企業年金
第4部 企業年金の受け取り方~年金と一時金~
第2章 企業年金ごとのポイント
3.厚生年金基金
現在、厚生年金基金は解散や移行が進み、厚生年金基金の加入者がほとんどいなくなりました。そのため、基本的に退職時に一時金を受け取っていない人は、企業年金連合会から「通算企業年金」や「基本年金」、「代行年金」を受け取ることになります。
(1)通算企業年金
解散したり退職した厚生年金基金から、厚生年金基金独自の給付を一時金で受け取らず、企業年金連合会へ移換した場合は「通算企業年金」になります。この通算企業年金は生きている限り年金を受け取ることができる終身年金です。また、保証期間が受取開始年齢から80歳まであります。この間に死亡した場合などは、残りの保証期間などにより決まる金額を死亡一時金として遺族が受け取ることができます。そのほか、病気や災害などで一時金が必要になった場合は選択一時金を受け取ることもできます。
(2)基本年金・代行年金
基本年金・代行年金は厚生年金に相当する年金です。2014(平成26)年4月前に厚生年金基金が解散した場合は「代行年金」、退職した場合は「基本年金」となります。基本年金は代行部分に加え基金独自のプラス・アルファの給付が含まれますが、いずれも基本的に厚生年金の代行部分に相当するので年金で受け取ります。いずれにしても、厚生年金の代行部分に相当する年金です。そのため、一時金で受け取る選択肢はありませんので気をつけてください。

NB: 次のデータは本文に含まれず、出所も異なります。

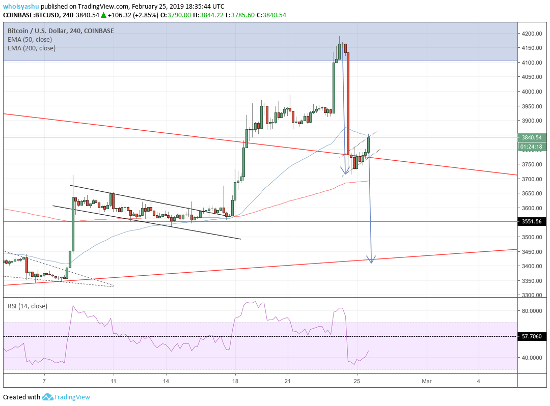 A breakdown action from where bitcoin is right now would be confirmed once the price tests the so-called flag support. At the same time, traders would see a rise in volume. It could pose as an excellent opportunity for short traders, with a potential initial downside target towards $3,551. Adventurous traders could also be eyeing the support trendline of medium-term triangle formation (depicted via a rising red trendline).

(3)退職や解散・廃止時の「年金」と「一時金」を選ぶポイント
中途退職して脱退一時金を受け取る場合や厚生年金基金が解散して一時金を受け取ることができる場合、その時点では一時金を受け取らず、企業年金連合会へ移換をして、通算企業年金として老後に年金を受け取ることもできます。
つまり、老後に年金で受け取るか、一時金で受け取るか、という話の前に退職時や解散時に一時金で受け取るか、将来、年金か一時金で受け取るかという選択があります。
この選択のポイントとして、年金で受け取る場合の予定利率があります。年金は移換時点の年齢により予定利率が異なり、同じ一時金額でも受け取る年金額が違ってきます。将来受け取る年金額は企業年金連合会のホームページでシミュレーションもできます。また、簡単な試算表もあります。
退職や解散時に企業年金連合会へ資産を移換するかは、老後に受け取る年金額と今受け取る一時金額を比較し、お金の使い道やライフプラン、企業年金連合会の安全性を考えて決めてください。
通算企業年金のおすすめ(企業年金連合会HPへリンク)
(4)老後に「年金」と「一時金」を選ぶポイント
存続する厚生年金基金から年金で受け取る場合は、終身年金なので安全性を意識します。以前は財政状況が厳しく将来の給付がきちんとできない可能性が高い厚生年金基金が多くありましたが、現在存続する厚生年金基金は継続の基準がかなり厳格になり、財政状況が健全になってきているので心配は少なくなりました。とはいえ、年金で受け取るか、一時金で受け取るかのポイントは、「利殖性」、「ライフプラン(使い道)」、「安全性」です。年金で受け取る場合は、終身年金なので安全性に注意が必要です。